Вячеслава Яковлевича Шишкова я увидела впервые у моего родственника писателя в 1916 г. Шишков тогда только недавно вернулся из Сибири, где прожил двадцать лет. Он часто руководил там разными экспедициями по обследованию края. Заезжал в самые дальние и глухие уголки, встречался с самыми различными людьми и у него собрался неисчерпаемый материал для книг.
Он был необычайно талантливым рассказчиком. Все его повествования были просты, но образны. Обильно сдобрены юмором, которым он из скромности затушевывал наиболее страшные моменты, которые довелось пережить.
Навсегда мне врезалась в память первая встреча с ним. Это случилос в Рождественские каникулы. В кабинете у родственника горел камин и Шишков, изредка постукивая кочережкой по головням, почти не отрывая глаз от огня, рассказывал о своих странствованиях.

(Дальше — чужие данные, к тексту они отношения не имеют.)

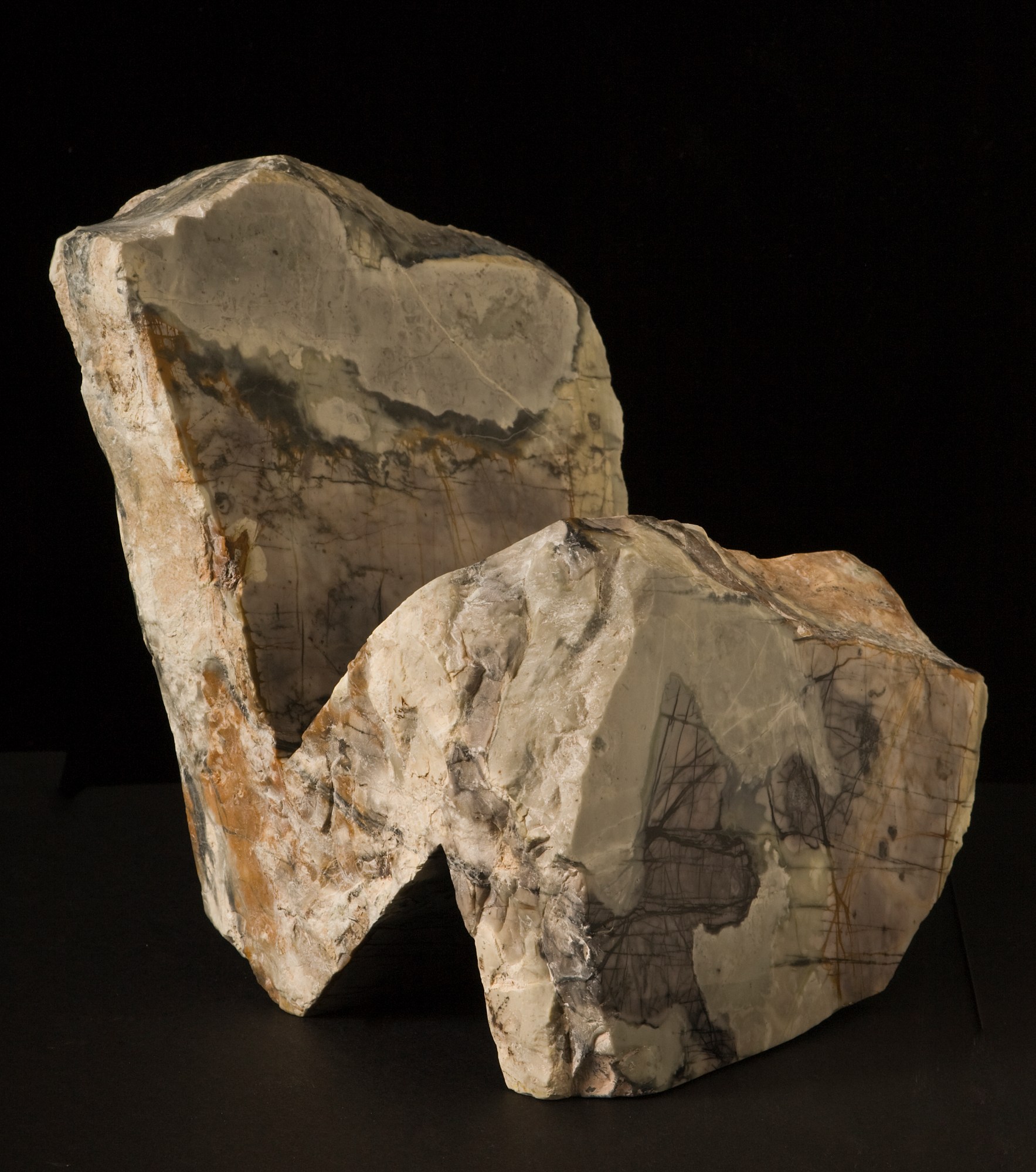 Cut out of a piece of Picasso Marble, then polished to a shine. To me this piece represents a figure sitting down Carved in 2010. Dimensions: 9"h X 7"w X 8"d. Please feel free to reach out and email me at [email protected] to discuss installation and display or any other concerns you might have.

Я устроилась на медвежей шкуре, рядом с сенбернаром, и вскоре перенеслась в новый и чудный мир: плыла по Нижней Тунгуске на шитике, отбивая шестами лед. Грызла последние сухари. Мое сердце стучало до боли, когда на горизонте снежной пустыни появились тунгусы с оленями… Потом я ехала на нартах, укутанная в пахнувший зверем мех, ночевала у костров и слышала протяжные крики: «Оран!…Ор-ан!!», как сзывали тунгусы оленей.
В ту ночь я спала плохо. Я видела чум, у костра кружилась, сверкая бисером, тунгуска, а из угла корчил рожи страшный шаман, завораживая ее и меня… Мне было очень жутко, но ноги мои уже были заворожены — не могли бежать. Потом старый тунгус Пиля, странно похожий лицом на нашу няню, укрывал меня чем то теплым, причитывая при этом…
Шишков часто бывал у родственников и чем старше я становилась, тем жаднее слушала его. Позже, у себя в комнате я рассматривала в большем атласе все места его поездок и карты сразу оживали. На берегах Иртыша, Оби, Енисея и Лены — я видела селения из крепко сколоченных бревенчатых домов. В зелени тайги я искала закоптелые избушки святых и мудрых старцев, молящихся за грешный мир, и на холмах мне мерещились тунгусские чумы и в оврагах землянки таежных бродяг.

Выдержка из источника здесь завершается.